*** Opening of Entries shown ***

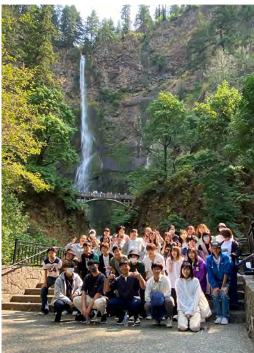
▲マルトノマフォールズ

現地時間朝9時頃、シアトル空港に到着し、バスでオレゴン州ポートランドへ向かいました。途中、マルトノマフォールズに立ち寄り、夕方には宿泊先であるポートランド州立大学の寮に到着しました。
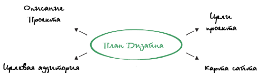
Рисунок 1. План дизайна
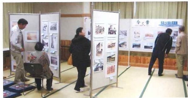
与布土の昔の写真展 平成22年3月23日(火)～4月22日(木)

3月 「市島野菜直売所 ダイニング茜」視察研修 「井原市」ふれあいサロン視察研修
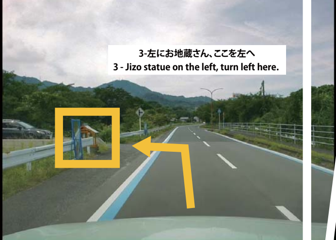
3-左にお地蔵さん、ここを左へ 3 - Jizo statue on the left, turn left here.
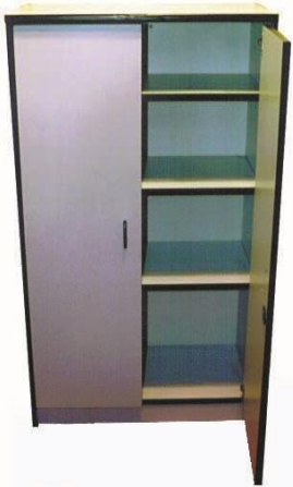
LIBRERÍA CON PUERTAS Y ESTANTES DE 140 - 75 CM DE ALTA
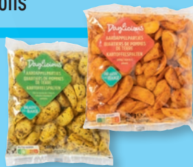
Pommes de terre épicées
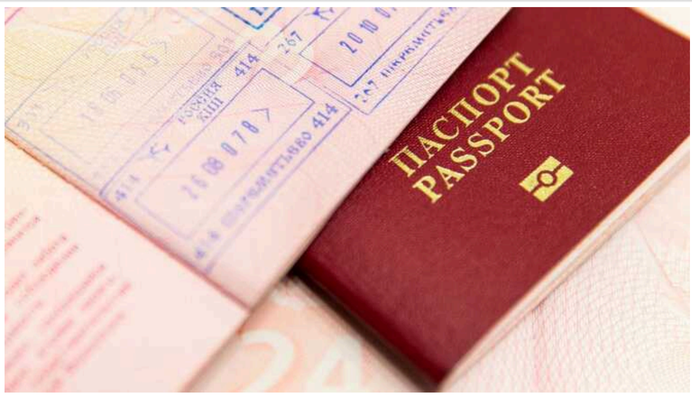
Бізнесмени відмовляються від російського громадянства
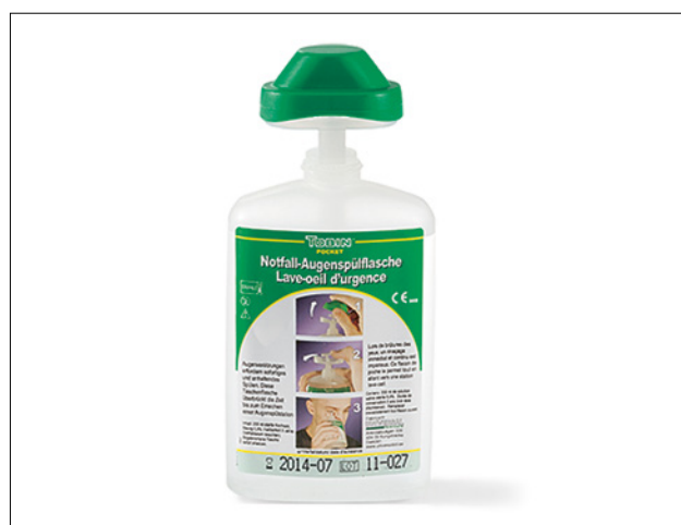
14 Un piccolo flacone per il lavaggio oculare (da 2 dl) trova posto ovunque.
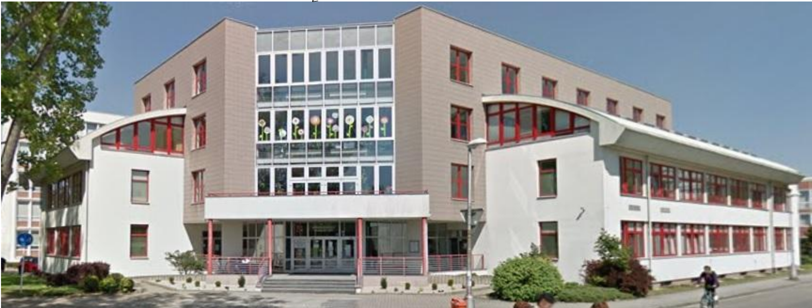
POHLED NA VSTUP DO OBJEKTU
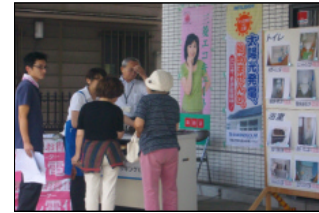
IHクッキングコーナー

*** Close of Entries shown ***

All lines from the one with "LIBRERÍA CON PUERTAS" through the end of the records above must be reproduced exactly, both ends included, and the pictures must be left out.

### Exercise answer
LIBRERÍA CON PUERTAS Y ESTANTES DE 140 - 75 CM DE ALTA
Pommes de terre épicées
Бізнесмени відмовляються від російського громадянства
14 Un piccolo flacone per il lavaggio oculare (da 2 dl) trova posto ovunque.
POHLED NA VSTUP DO OBJEKTU
IHクッキングコーナー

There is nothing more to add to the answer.